§ **DIRECTIONS FOR THIS TASK**:
Your answer should be an exact copy of the lines from the one holding "油谷百美(Odissi) 渡辺桂子(Kuchipdhi) |" to the end of the material below, pictures left out.

§ **INPUT DATA**:

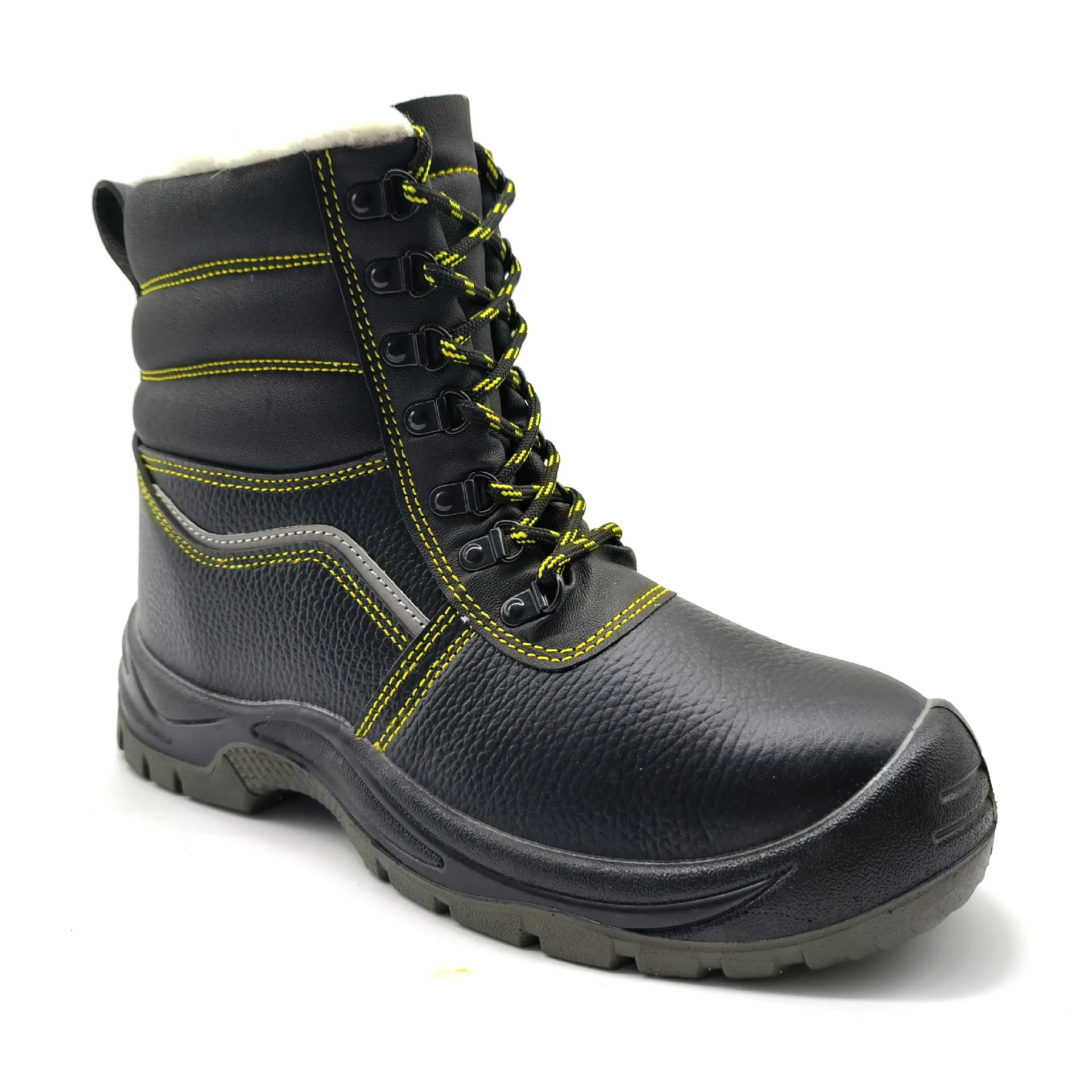 Men's High-Top Winter Safety Shoes Embossed Leather Construction Site Shoes PVC Anti-smash Fleece Lining Labor Protection
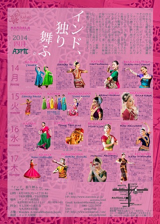 | 料金 | 1 day=2,500円(+1D) 4 days Pass=8,000円 | 出演 | ◇ 4/14(月) Yamala(Kathak) 伊藤祥子 (Odissi) 堤菜穂(Kathak) 堀友紀子 (Bharatnatiyam) ◇ 4/15(火) Samay Panta(Bharatnatiyam) 東京外国語大学カタックサークル(Kathak) 森田裕美(Bharatnatiyam) 星野あかね(Odissi) 葛西恵理奈(Bhratnatiyam) ◇ 4/16(水) ユキ(Kathak) 入野智江ターラ(Kutiyattam) 岸美和(Bharatnatiyam) 篠原英子(Odissi) ◇ 4/17(木) 松田レミ(Kathak) 鈴木咲子(Bharatnatiyam) 油谷百美(Odissi) 渡辺桂子(Kuchipdhi) |
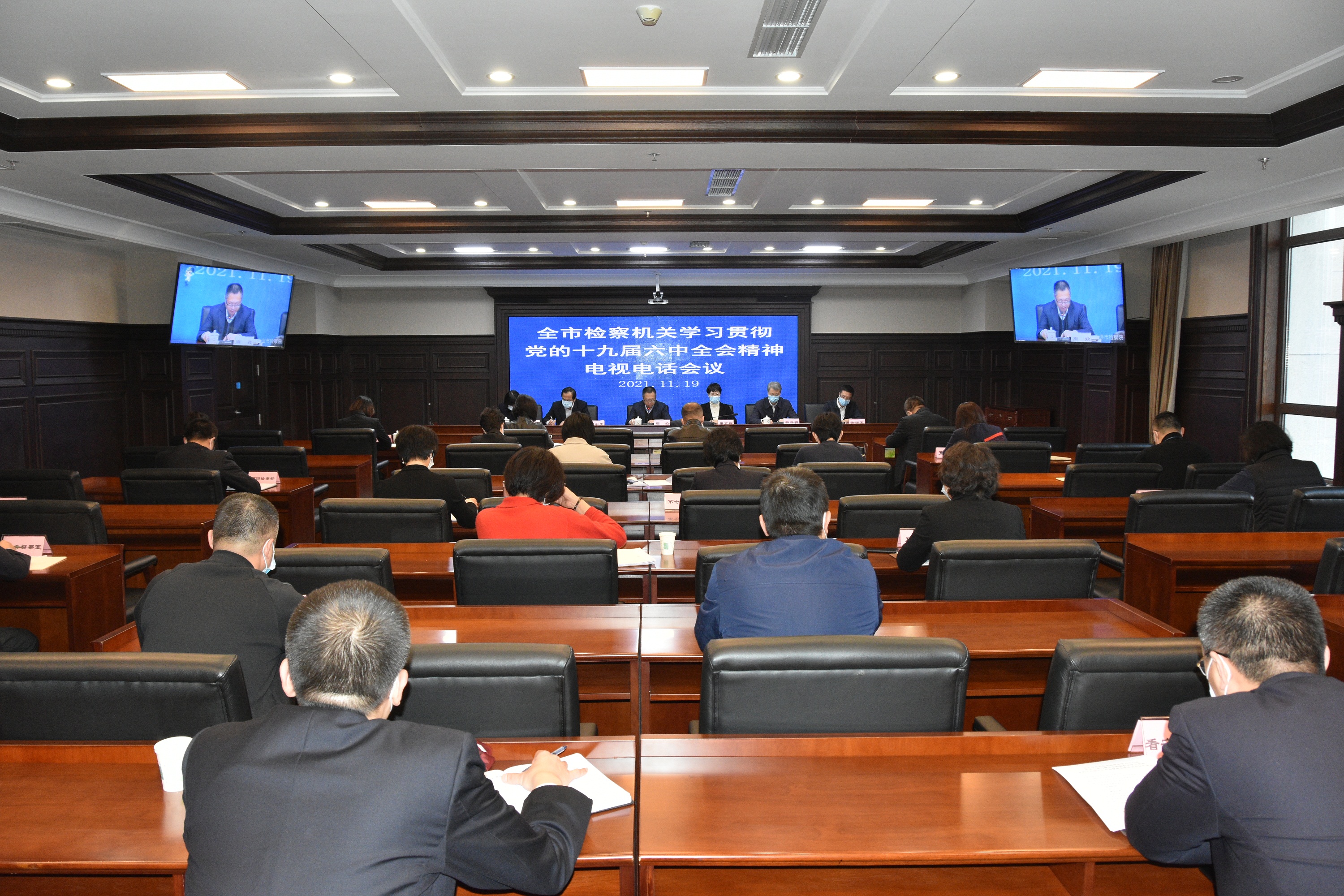 近日,大连市检察院召开党组理论学习中心组集中(扩大)学习暨全市检察机关电视电话会议,传达学习贯彻党的十九届六中全会精神。市检察院党组书记、代检察长周焱主持会议并传达领学。市检察院党组理论学习中心组成员围绕学习贯彻党的十九届六中全会精神进行了交流发言。两级检察院领导班子成员、驻院纪检监察组组长,其它副院级领导干部,各内设机构负责人参加了电视电话会议。

§ **TASK OUTPUT**:
 | 料金 | 1 day=2,500円(+1D) 4 days Pass=8,000円 | 出演 | ◇ 4/14(月) Yamala(Kathak) 伊藤祥子 (Odissi) 堤菜穂(Kathak) 堀友紀子 (Bharatnatiyam) ◇ 4/15(火) Samay Panta(Bharatnatiyam) 東京外国語大学カタックサークル(Kathak) 森田裕美(Bharatnatiyam) 星野あかね(Odissi) 葛西恵理奈(Bhratnatiyam) ◇ 4/16(水) ユキ(Kathak) 入野智江ターラ(Kutiyattam) 岸美和(Bharatnatiyam) 篠原英子(Odissi) ◇ 4/17(木) 松田レミ(Kathak) 鈴木咲子(Bharatnatiyam) 油谷百美(Odissi) 渡辺桂子(Kuchipdhi) |
 近日,大连市检察院召开党组理论学习中心组集中(扩大)学习暨全市检察机关电视电话会议,传达学习贯彻党的十九届六中全会精神。市检察院党组书记、代检察长周焱主持会议并传达领学。市检察院党组理论学习中心组成员围绕学习贯彻党的十九届六中全会精神进行了交流发言。两级检察院领导班子成员、驻院纪检监察组组长,其它副院级领导干部,各内设机构负责人参加了电视电话会议。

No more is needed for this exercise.